***** Source information *****
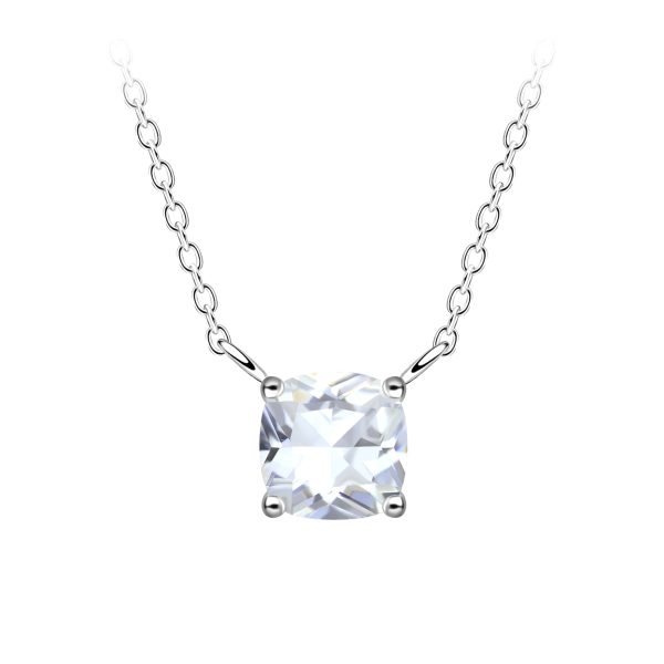 6mm Cushion Cubic Zirconia Silver Necklace
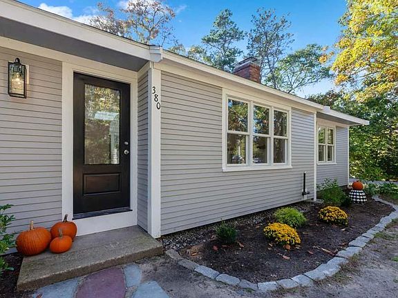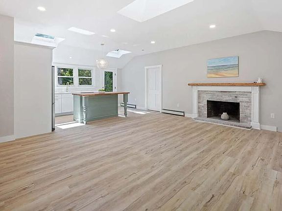 Completely redone top-to-bottom, with style, all on one level! Beautiful kitchen with white cabinets, custom teak island, Capiz shell tiled backsplash, quartz counters, stainless appliances, vaulted ceiling and skylights to let the sun pour in! Total of 3 bedrooms and 2 all new baths with stone counters and custom tile on the main level including primary bedroom with en suite bath. New luxury plank vinyl in Hickory throughout. Deck will be sanded and painted and backyard is large and private. All new: appliances, roof, siding, windows, doors, Azek trim outside, furnace, water heater, insulation, lighting, indoor trim, custom mantel, and most walls and ceilings. Additional new finished basement space with recessed lighting adds an additional 325 sq. ft. for total of 1,557 sq. ft. There will be nothing to do here but bring your furniture and move in. Close to Nickerson State Park trails and ponds, Captains Golf Course, bike trail, shopping, and Brewster Bay beaches. A few items are still being completed by sellers and will be done by closing.
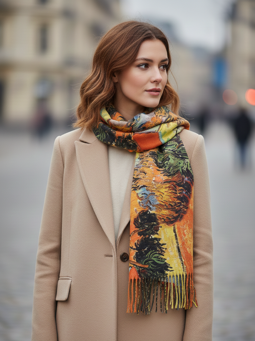 Кашмирен Шал с Принт на Ван Гог | Носимо Изкуство – Купи Онлайн
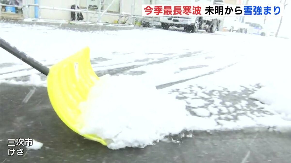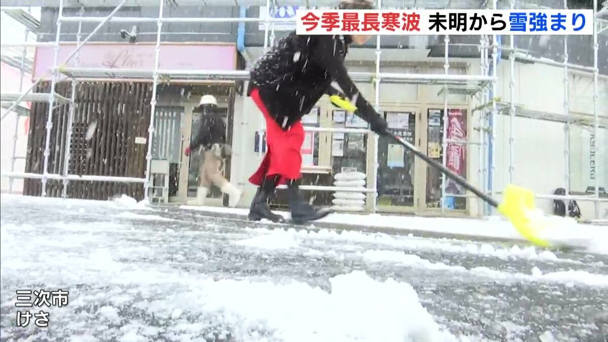 今朝の三次市中心部では、道路や橋に雪が積もり、雪かきや慎重に通行する人たちの姿がみられました。
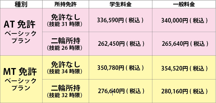 (検定不合格時の補習及び再検定料含む|自由教習は別)
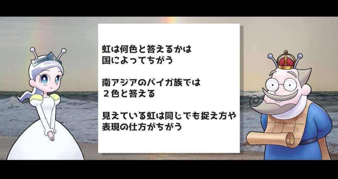 [番組内画面:虹の色の捉え方の違いについて解説しています]
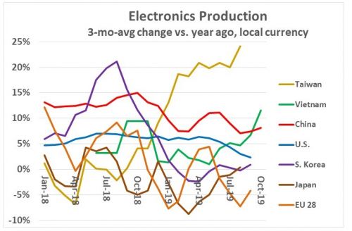 越南在 2019 年经历了电子产品的加速增长,其 10 月份产量增长达到 12%。在最近两年的大部分时间里,美国电子产品生产一直显示出 5%至 7%的温和增长,但在 9 月份下滑至 2%。
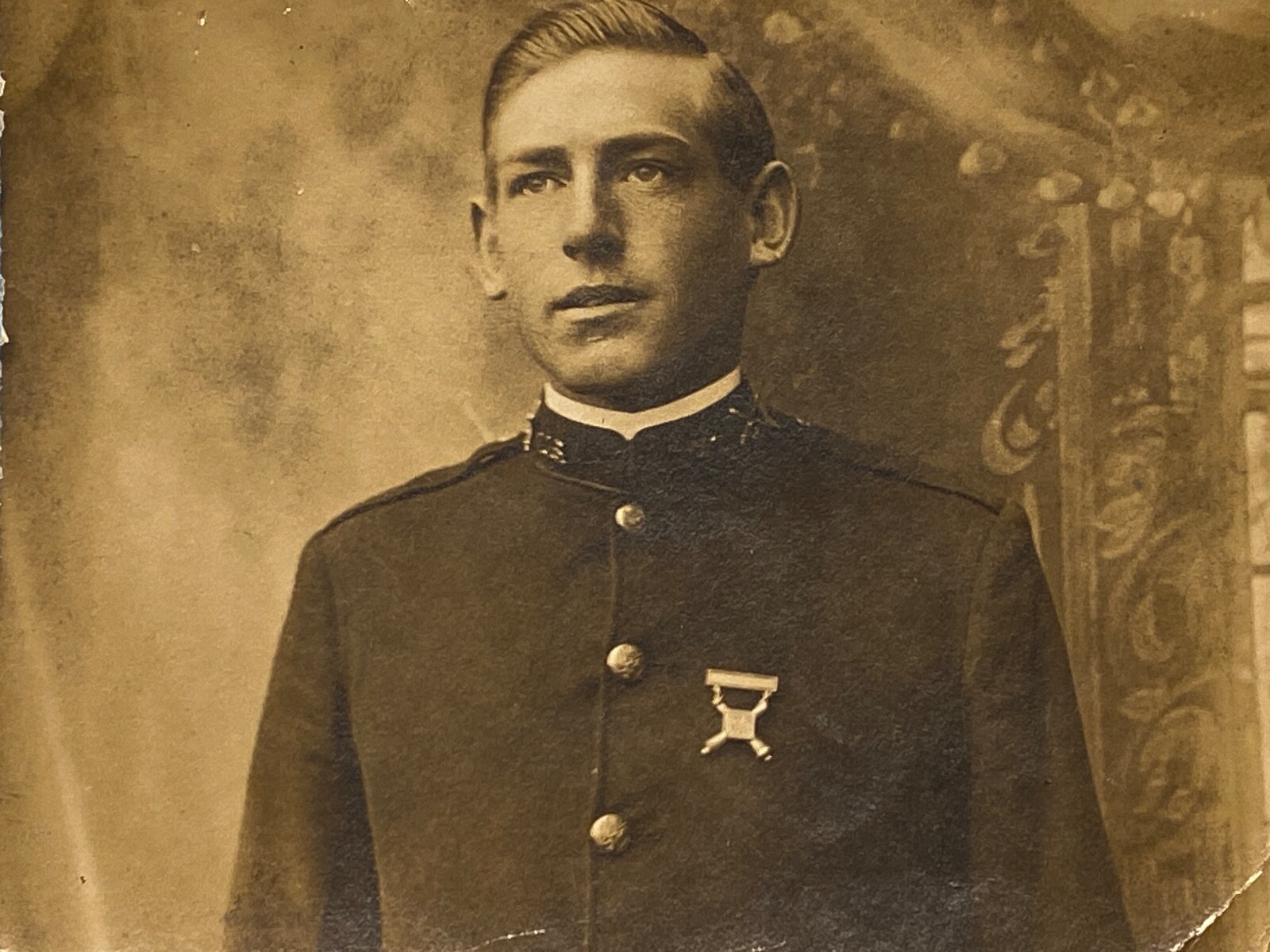 The black and white photograph is not included and is being used to display how the badge was worn.
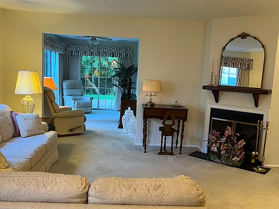 Best in Mt. Laurel! Ranch style home in Holiday Village, an active 55+ community with many amenities which include access to the clubhouse, pool, gym and social activities. Home has 2 bedrooms 2 full baths. Large Primary bedroom has a walk in closet with solid shelving. Eat-in kitchen with new stainless appliances, pantry and lots of cabinet space. Separate dining room and spacious living room with fireplace. Laundry room with washer and dryer. Enjoy the beautiful, peaceful backyard view from the sunroom or on the large patio. Furnished or unfurnished for a quick transition. Property has a new furnace, new roof and freshly painted interior. 1 car garage with access stairs to standing, floored attic space for storage. Pet friendly! Multiple year lease available. Renter to pay own utilities. Grass cutting included. No smoking.
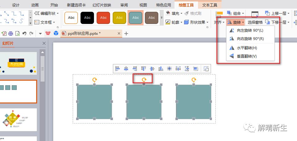 旋转菜单下只能实现90度、180度的旋转。怎样实现45度旋转呢?
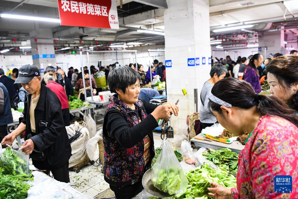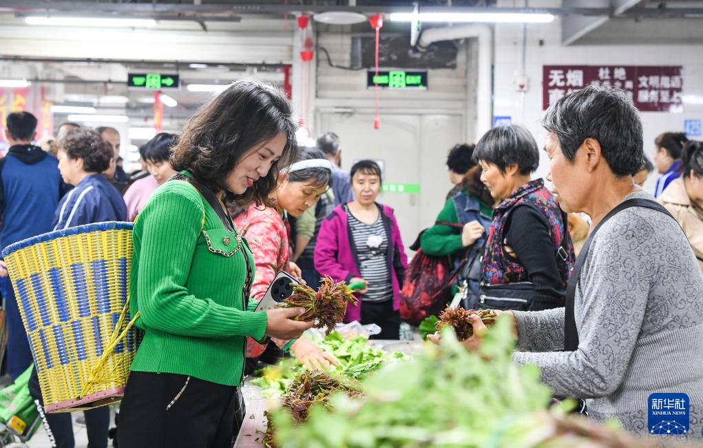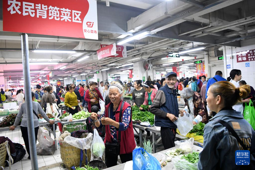 3月27日,市民在重庆市江北区新民乐安心菜场“农民背篼菜区”选购农产品。
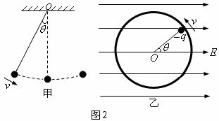 图乙中,水平向右的匀强电场中,带负电的小球沿竖直放置的光滑轨道上升,以速度
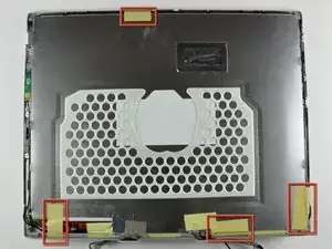 Отопните кусок скотча, удерживающий заземляющий контур кабеля данных дисплея на тонком стальном покрытии ЖК-дисплея.
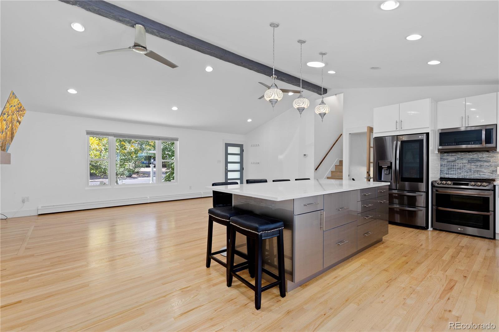 Ceiling Fan(s), Eat-in Kitchen, High Ceilings, In-Law Floorplan, Kitchen Island, Open Floorplan, Quartz Counters, Vaulted Ceiling(s)
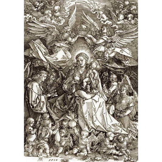 The Virgin Crowned By Two Angels Black Modern Wood Framed Art Print with Double Matting by Durer, Albrecht
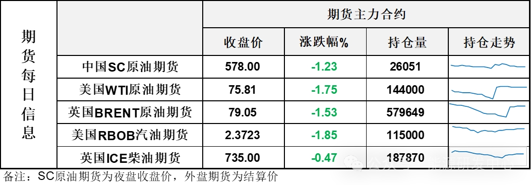 【1】WTI主力原油期貨收跌1.35美元,跌幅1.75%,報(bào)75.81美元/桶;布倫特主力原油期貨收跌1.23美元,跌幅1.53%,報(bào)79.05美元/桶;INE原油期貨收跌1.23%,報(bào)578元。
*****
Problem statement
Write out exactly the run of lines above that starts at the line containing "[番組内画面:虹の色の捉え方の違いについて解説しています]" and ends at the line containing "The black and". Include both, and leave the pictures out.

Reply
 [番組内画面:虹の色の捉え方の違いについて解説しています]
 越南在 2019 年经历了电子产品的加速增长,其 10 月份产量增长达到 12%。在最近两年的大部分时间里,美国电子产品生产一直显示出 5%至 7%的温和增长,但在 9 月份下滑至 2%。
 The black and white photograph is not included and is being used to display how the badge was worn.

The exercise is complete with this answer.